What's the difference of Petri Nets and Finite State Machines?
Standard finite state machine contain only a single current state. Whereas in Petri nets multiple locations, more or less comparable with states in a finite state machine, can contain one or more tokens. A finite state machine is single threaded while a Petri net is concurrent.
In a finite state machine the active state changes in response to an event. In a Petri net transitions are executed as soon as all input locations contain at least one token.
A finite state machine can be considered as a special case of a Petri net.
In general I would recommend using a finite state machine if your process, or the part you wish to represent, is single threaded: fellow software engineers are probably more familiar with finite state machines; and there are more tools to convert a finite state machine to an implementation.
Use a Petri net only when you need the concurrency or extra expressivity. Or when you are modeling a factory plant where half fabricates are transformed into products or when your audience is more familiar with this image.
Perhaps Petri nets can also be used to model, visualize running, massive concurrent systems such as micro service architectures, azure service fabric reliable services and reliable actors, services running on kubernetus, azure function, and AWS Lambda.
In addition, there is more theoretical research about, and using, Petri nets than there is about finite state machines (note that, as I said earlier, finite state machines are reducible to Petri nets).
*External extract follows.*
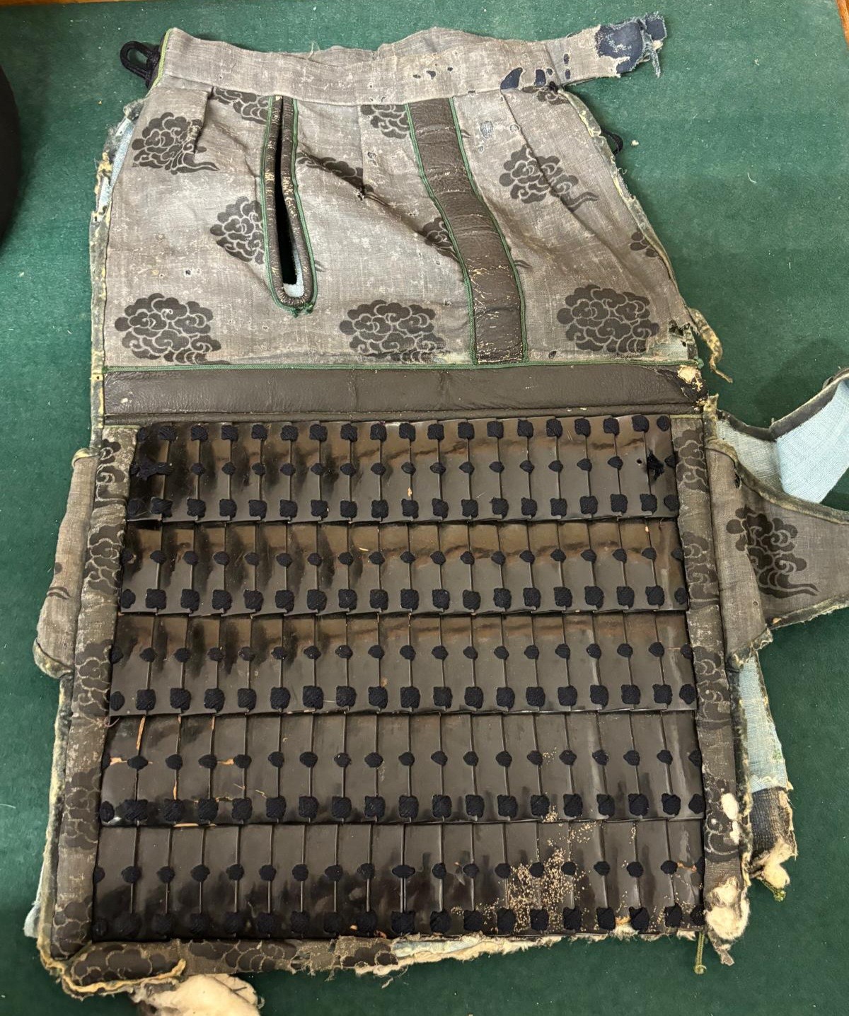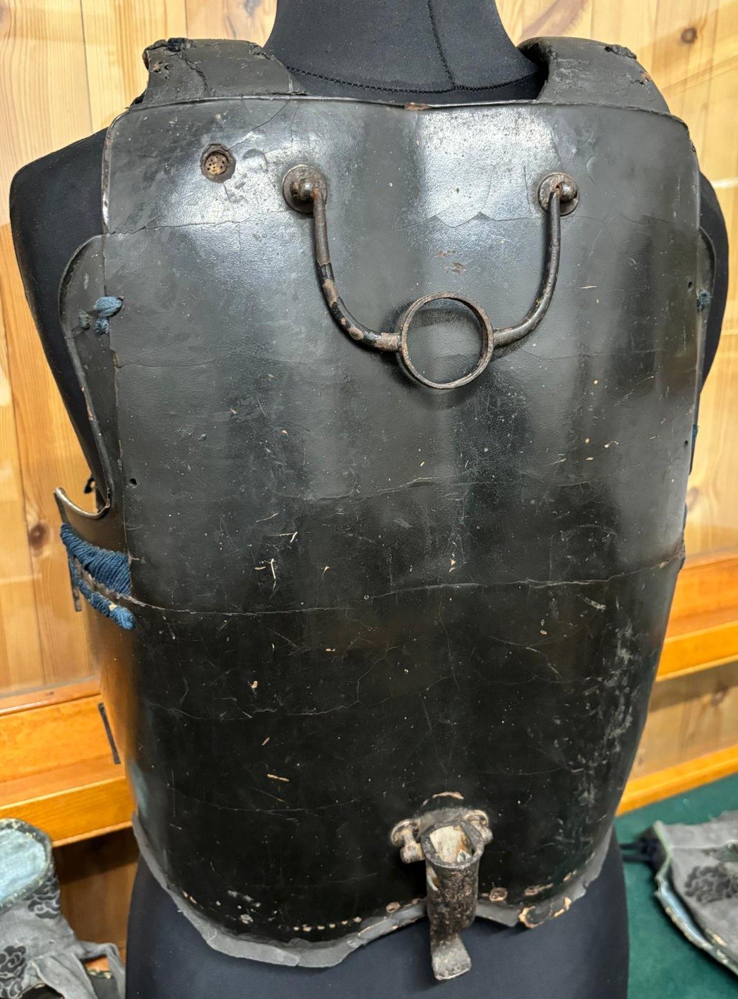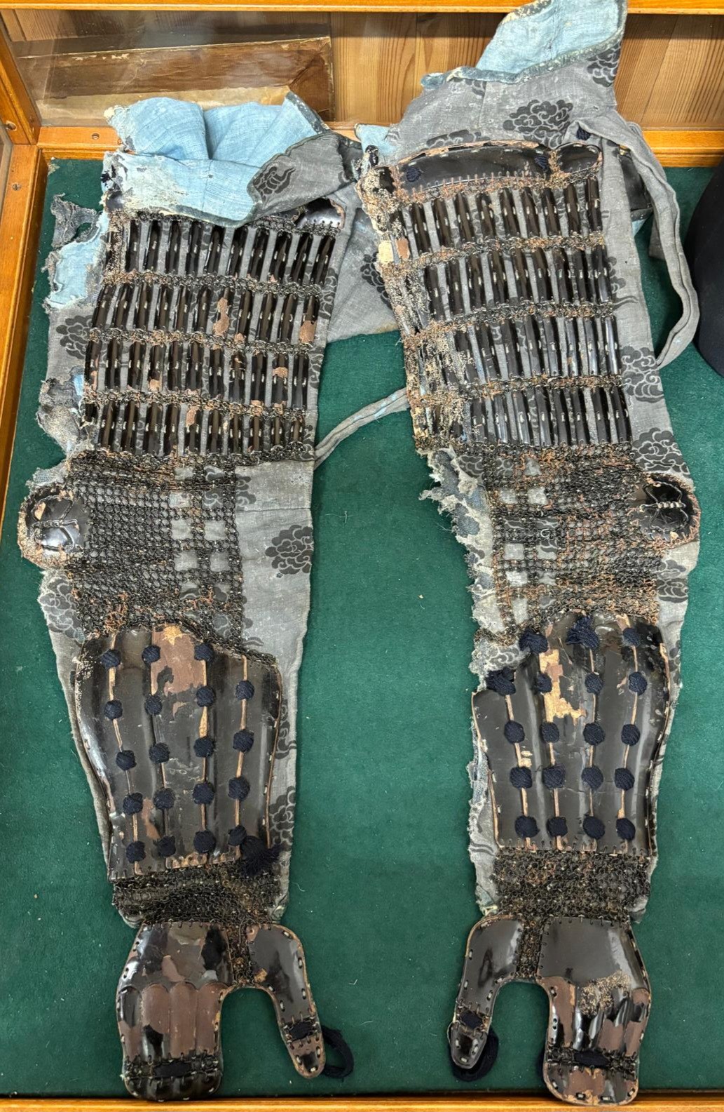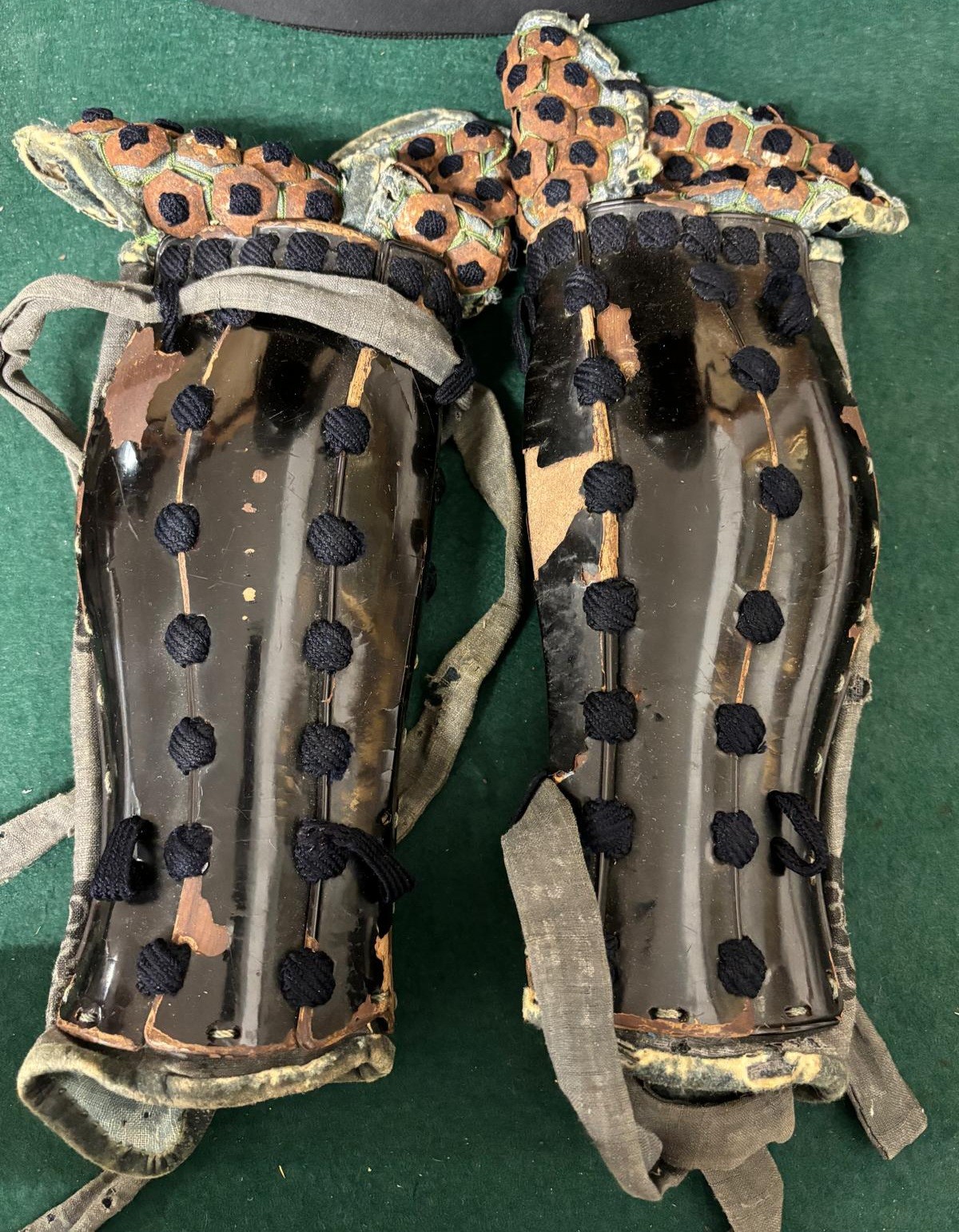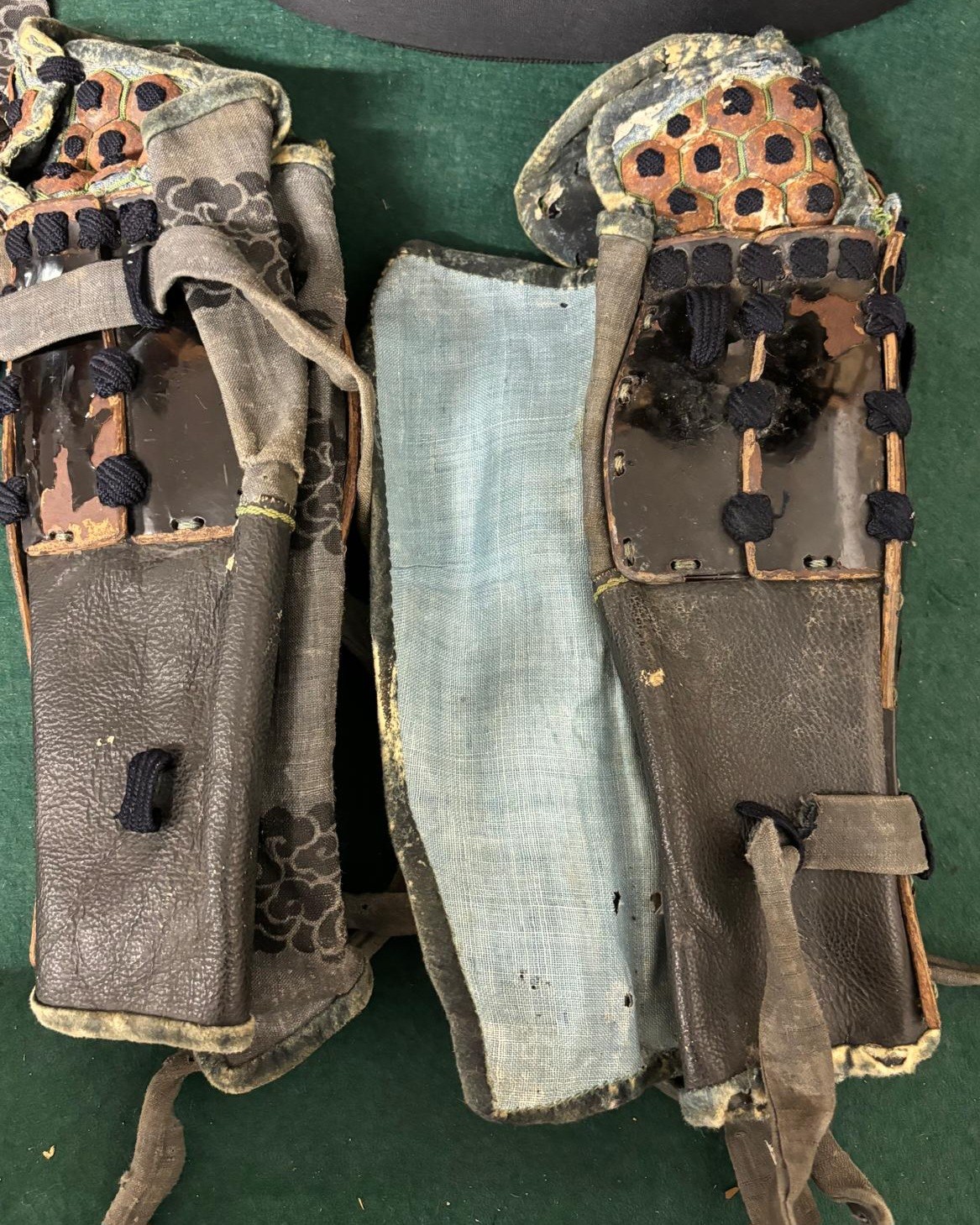 Antique Japanese Samurai part armour set; Chest and back plate [Do], arm and hand guards [Sode/ Kode], Shin guards [Suneate] and other piece [Haidate]. Age related wear- see images.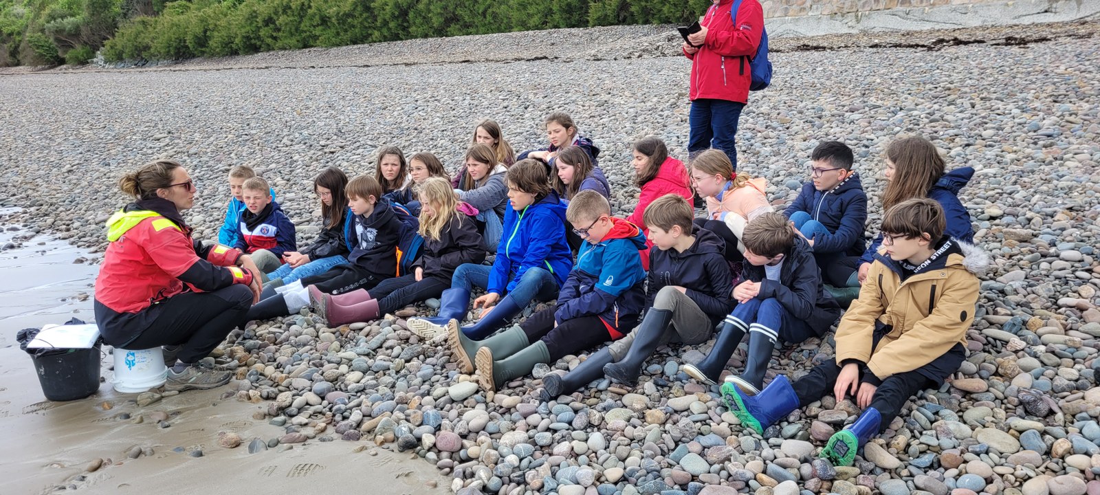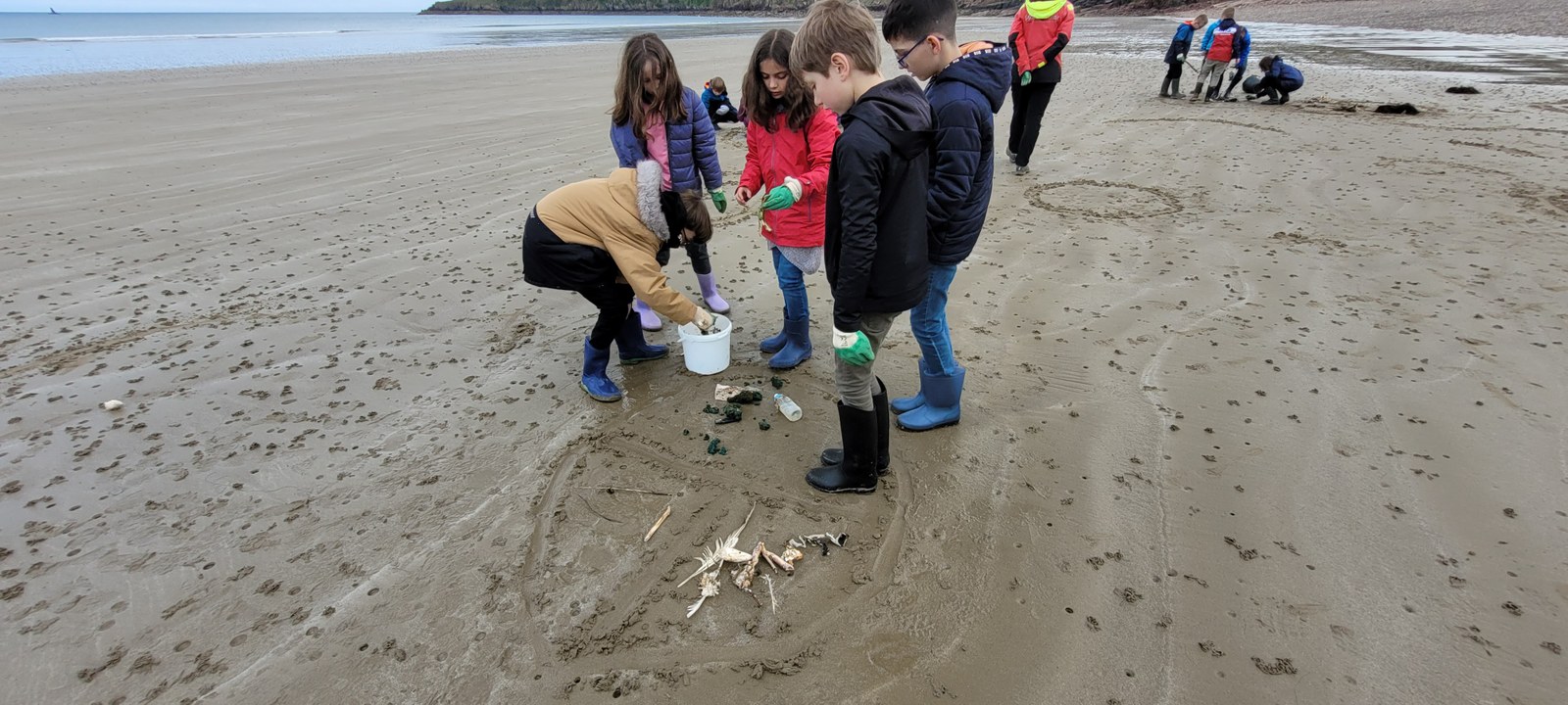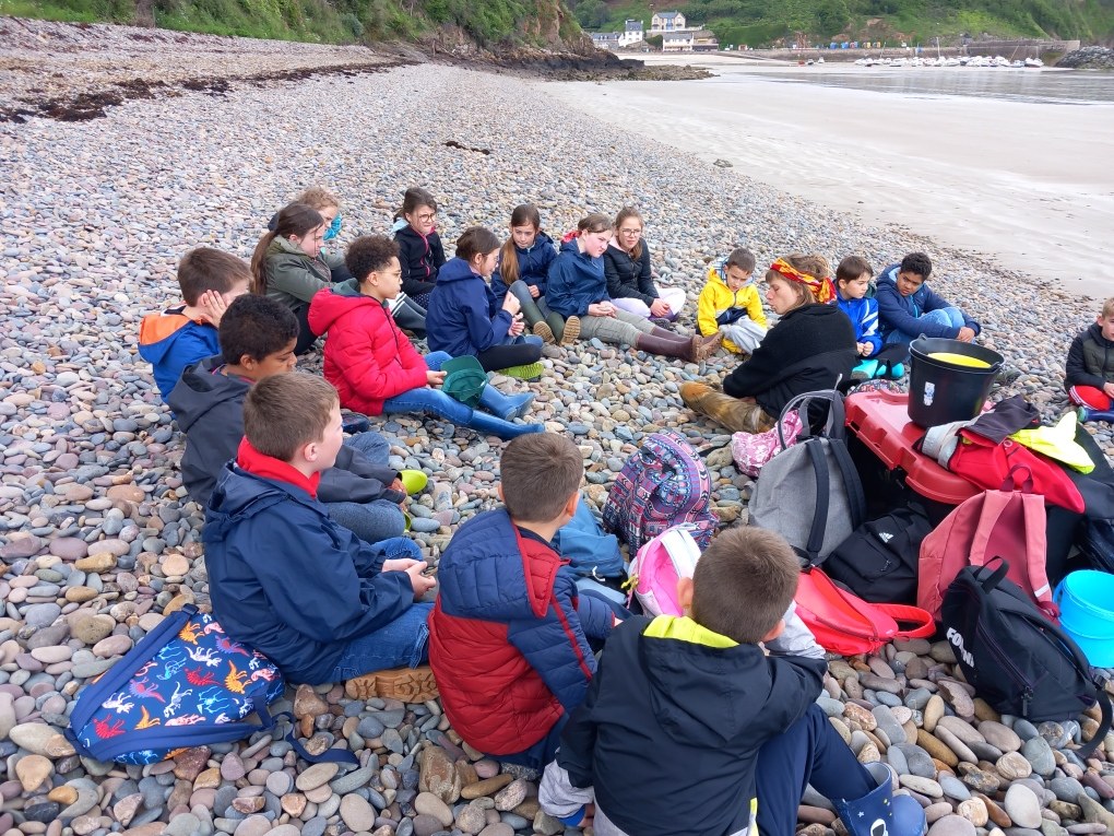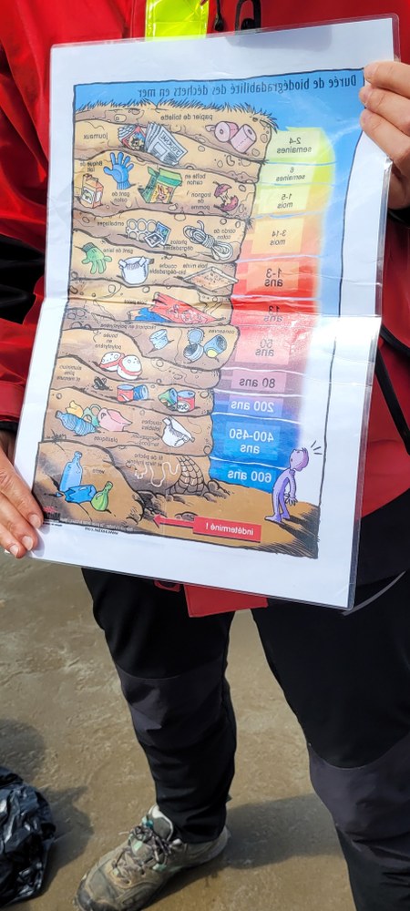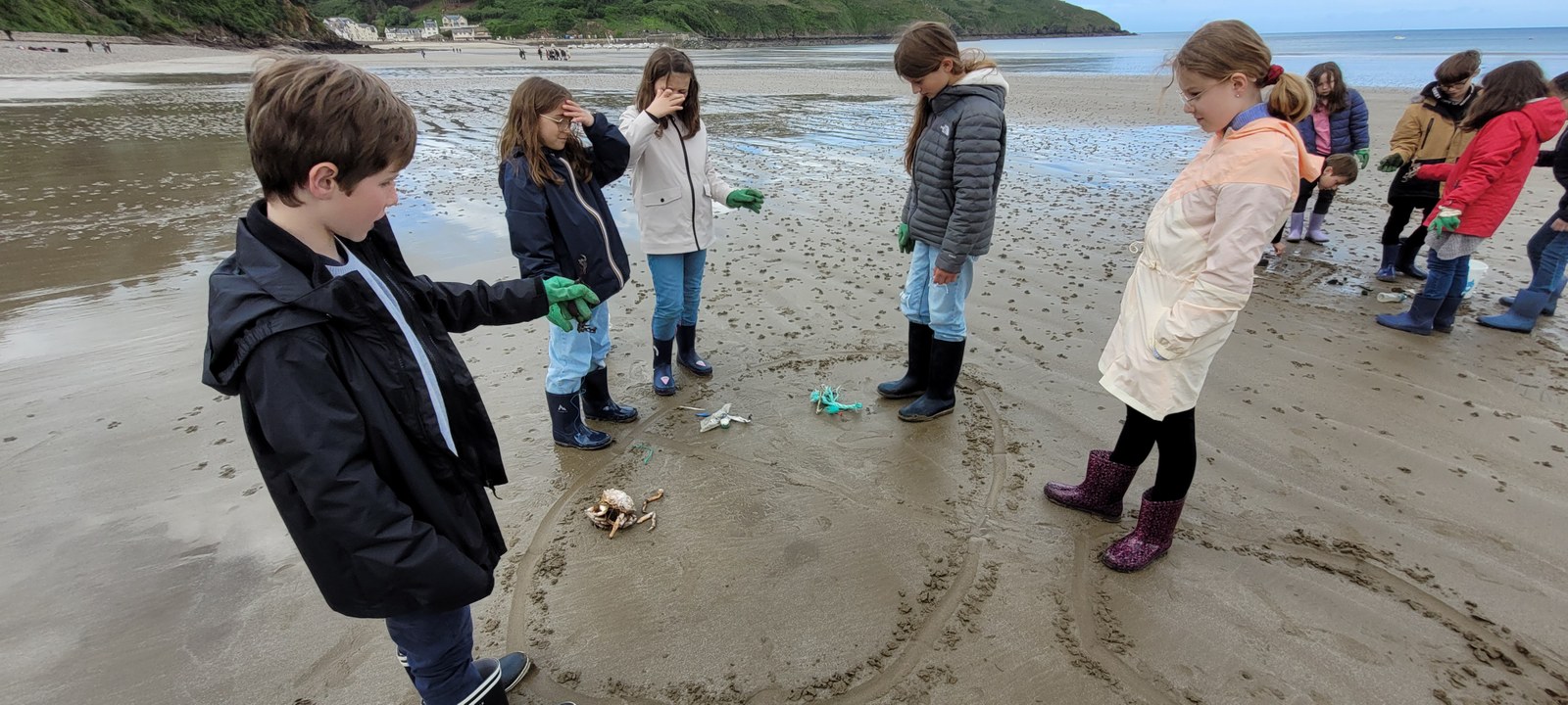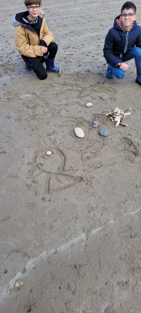 Lors de cet après-midi, les enfants ont découvert la "laisse de mer", c'est à dire les déchets laissés sur la plage par la marée. Ils ont trié les déchets (déchets animaux, végétaux, produits par l'homme...) Ils ont aussi évoqué le temps de dégradation des déchets.

In State Machines, the state is global. Given two states, all you can say is "these states are different". In Petri Nets, the state is structured by places. The state is a marking, which says how many tokens are in each place. Given two markings, you can compare them and say "they are the same in places X,Y,Z but differ in places U,V,W".
When defining an FSM, you have to look at each state individually and determine the possible transitions to other states. Each transition in a Petri Net represents a whole group of transitions in the underlying reachability graph. For example, a Petri Net transition might say: From every marking that has a token in P1 and a token in P2, this model can reach a marking that has one token less in P1, and one token less in P2, but one token more in P3. If the reachability graph has 8, or 800, markings with that property, the single Petri Net transition represents 8, or 800, transitions in the reachability graph.
In Petri Net models, you can create transition invariants. Those are cycles in the reachability graph. Then you can put more tokens into the initial marking of the model, and the number of states in the reachability graph explodes. Its structure is still given by the same cycles as in a model with less tokens though, and the Petri Net model remains understandable. For example, think of a Client/Server system. You have places for the Clients, places for the Servers, places for the messages flowing back and forth. Then you just put in tokens for the numbers of Clients and Servers you want to model. They are easily changed.
As for when to use what, I agree with Kasper van den Berg.
- If you have a problem that's small enough to be handled with an FSM, then use an FSM. Maybe up to two dozen states?
- If you have a problem that naturally maps to an FSM, then use an FSM. You'll probably use an algorithm to construct the FSM in such cases. For example, parsing input with regular expressions. (Btw, many regular expression libraries have extensions that require at least a stack machine for processing.)
- If you need to create a model for distinguishable subsystems that interact with eachother, use Petri Nets. Then you can have a set of places for each subsystem, whereas an FSM would require you to create a new state for every possible combination of every substate in each subsystem.